As stated, Peyton had other means to obtain the information in the
confiscated publications — from the library or an approved vendor. He could also
practice his religious beliefs in other ways through prayer in his cell, his religious
diet, and NOI group services.
Finally, Peyton has not proposed alternative
regulations of inmate property that further the same penological interests in safety
and security to the same degree.
Because Peyton has not shown a substantial burden of his free exercise or
free speech rights or demonstrated the unreasonableness of the property policy or
its application under Turner, I will grant the defendants’ Motion for Summary
Judgment as to his First Amendment contentions in Claim (1).

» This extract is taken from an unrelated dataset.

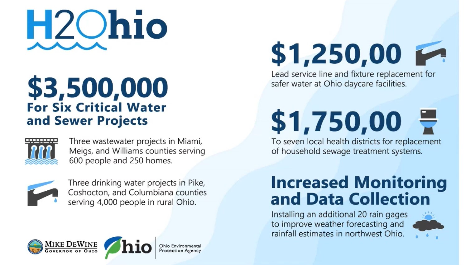 H2Ohio’s to-do list for the OEPA includes replacement of lead lines serving schools and daycares; repair and replacement of some failing residential septic systems; and a number of drinking water and municipal sewage treatment projects.

4. No Equal Protection Claim.
In Claim (1), Peyton asserts: “There were no reasonable or legitimate bases
[for prison officials] to allow the Bible and disallow the Holy Quran except for
racial, religious or political animus, and retaliation and harassment because of his
Islamic religion.” Am. Compl. 5, ECF No. 34. He makes similar assertions
throughout his pleading.
Peyton’s discrimination claims arise, if at all, as
assertions that the defendants denied him equal protection, in violation of the
A conclusory assertion that an act was motivated by race or religious
discrimination is insufficient to state a § 1983 claim. Chapman v. Reynolds, 378 F.

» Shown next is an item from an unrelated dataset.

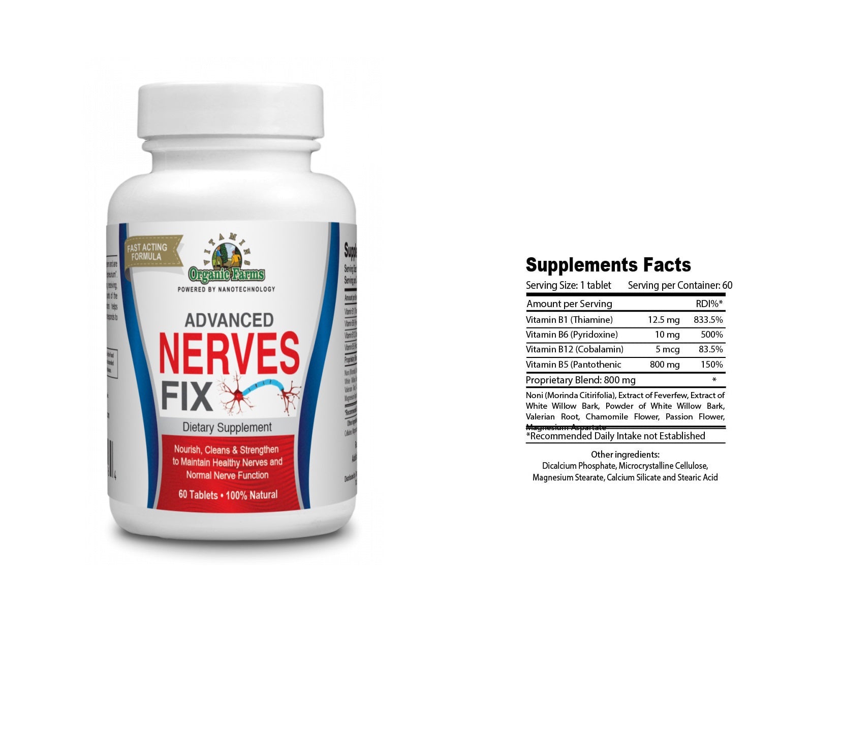 Nerves ingredients: Vitamin B1 (Thiamine), Vitamin B6 (Pyridoxine), Vitamin B12 (Cobalamin), Vitamin B5 (Pantothenic Acid), Noni (Morinda Citirifolia), Extract of Feverfew, Extract of White Willow Bark, Powder of White Willow Bark, Valerian Root, Chamomile Flower, Passion Flower, Magnesium Aspartate

Supp. 1137, 1140 (W.D. Va. 1974). Rather, to prove an equal protection claim,
Peyton must first state facts showing that a policy or an official action treated him
differently from other inmates with whom he is similarly situated and did so
because of intentional discrimination based on his race or his religious views.
Veney v. Wyche, 293 F.3d 726, 730 (4th Cir. 2002). If he succeeds in making these
showings, then he must also show that the disparity in treatment was not
reasonably related to any legitimate penological interest, using the Turner factors
already discussed. Id. at 732.
Peyton’s equal protection claim fails on the first element of the analysis: he
has not demonstrated that officials at River North have confiscated excess or
damaged publications under OP 841.3 from other incoming inmates. He admits
that he had more newspapers than the policy allowed and that his books had been
altered or damaged. Thus, I find no evidence that River North officials treated
Peyton differently than inmates with similarly nonconforming publications.

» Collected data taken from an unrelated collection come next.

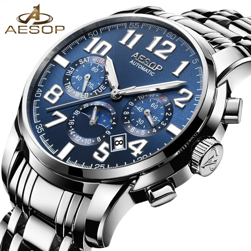 Часы наручные AESOP Мужские автоматические, модные брендовые механические ударопрочные водонепроницаемые, синие
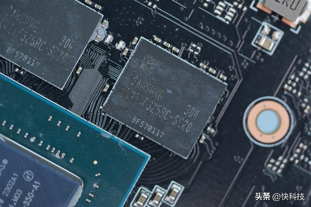 围绕在GPU四周的是4颗三星GDDR6显存,单颗2GB,共组成了8GB的总容量。
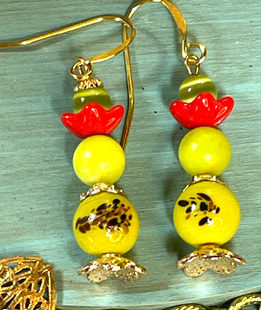 Yellow Japanese Millefiori Glass Bead Earrings with Green glass and Red Flowers. Hypoallergenic French Earring Hooks, Gold Plated Wire.
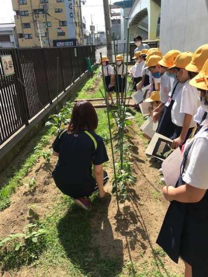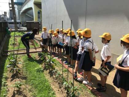 もうひとつのクラスは、学習園に行きました。太陽をいっぱい浴びた、トマト、オクラ、枝豆、ナスなどを観察し、生育状況をスケッチしました。
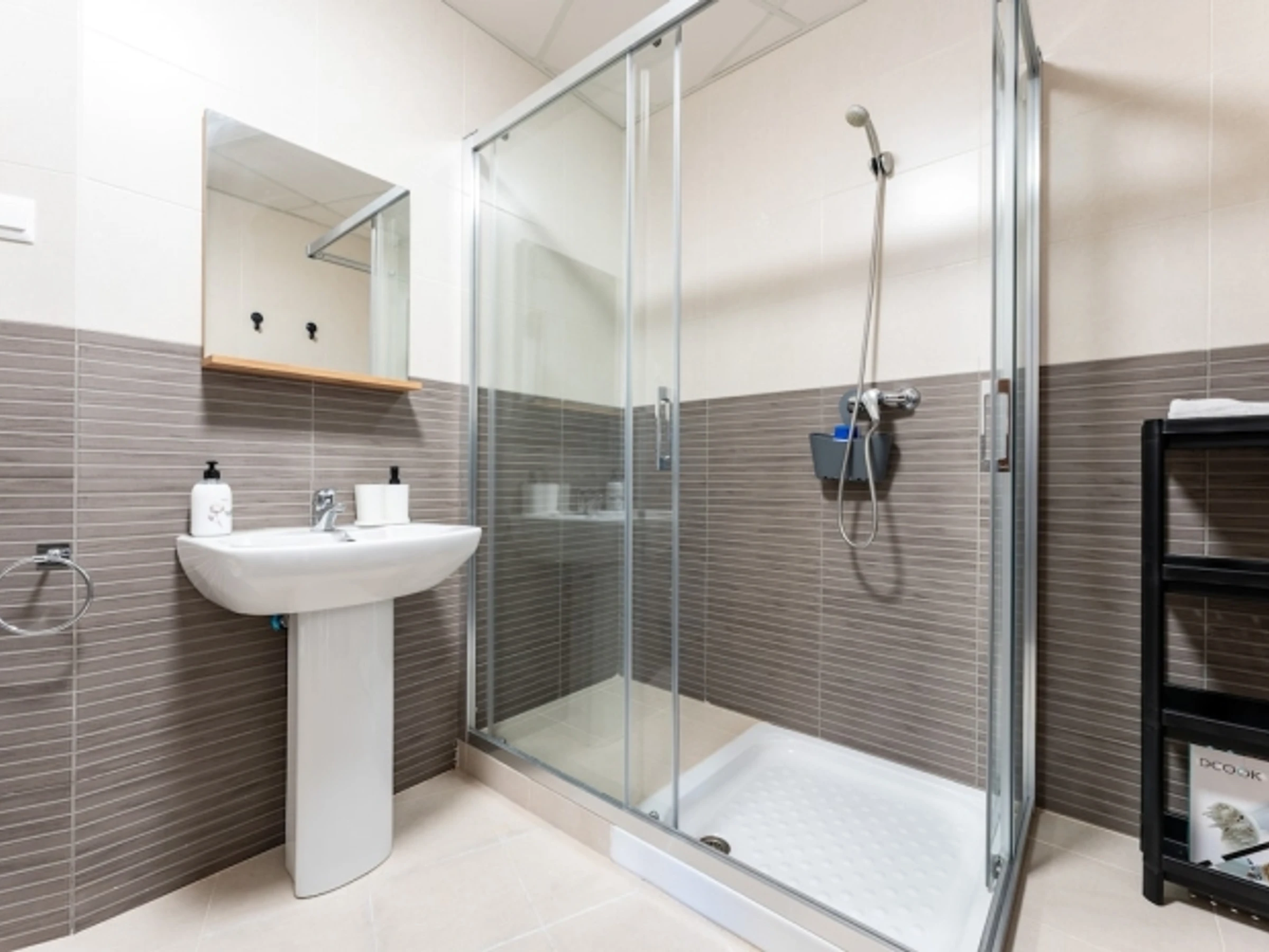 This apartment is a perfect place to enjoy a vacation near the beach. It features a fully-equipped kitchen, a spacious living room with a comfortable sofa bed, dining table.Bathrooms are stocked with shower, towels and [hidden] the surroundings, you find a wide variety of restaurants, bars, shops, and supermarkets. Also, the beach is only a few minutes walk away, allowing you to enjoy the sea and the sun at any time.

Peyton’s discrimination argument focuses on his past possession of the
altered publications at Red Onion despite its higher security rating and the return of
his altered Bible at River North. These facts, if proven, do not prove that River
North staff confiscated Peyton’s Muslim publications because of his race or his
religion, rather than because the publications qualified as contraband under OP
841.3. At the most, these facts show that officials did not always strictly apply OP
841.3 at either prison. Moreover, I find no evidence that Morgan returned the
altered Bible to Peyton because of Peyton’s race or religion, and Morgan’s
violation of VDOC policy in doing so is not itself actionable under § 1983. See
Riccio v. Cty. of Fairfax, 907 F.2d 1459, 1469 (4th Cir. 1990). In any event, for
the reasons stated, the policy and its application to Peyton’s publications satisfied
the Turner factors and, thus, did not violate his equal protection rights. Veney, 293
F.3d at 730.
For the stated reasons, I conclude that Peyton has not alleged facts stating
any actionable equal protection claim against the defendants. Accordingly, they
are entitled to summary judgment, and I will grant their motion as to Claim (1).8
In addition to free speech and race and religious discrimination, Peyton’s
Amended Complaint also complains of the defendants’ “harassment,” “retaliation,” and
“political animus” toward him and a “loss of liberty.” Am. Compl. 2, 16, ECF No. 34. I
do not find any factual support in Peyton’s submissions for claims under these legal
labels, and the labels themselves are not sufficient. Ashcroft v. Iqbal, 556 U.S. 662, 678
(2009) (“A pleading that offers labels and conclusions or a formulaic recitation of the
elements of a cause of action will not do.”). For this reason, I do not construe Peyton’s
pleading as presenting any possible claims for relief other than the RLUIPA claims and
constitutional claims of free speech, free exercise, and equal protection that I herein
address. See Weller v. Dep’t of Soc. Servs. for City of Balt., 901 F.2d 387 (4th Cir. 1990)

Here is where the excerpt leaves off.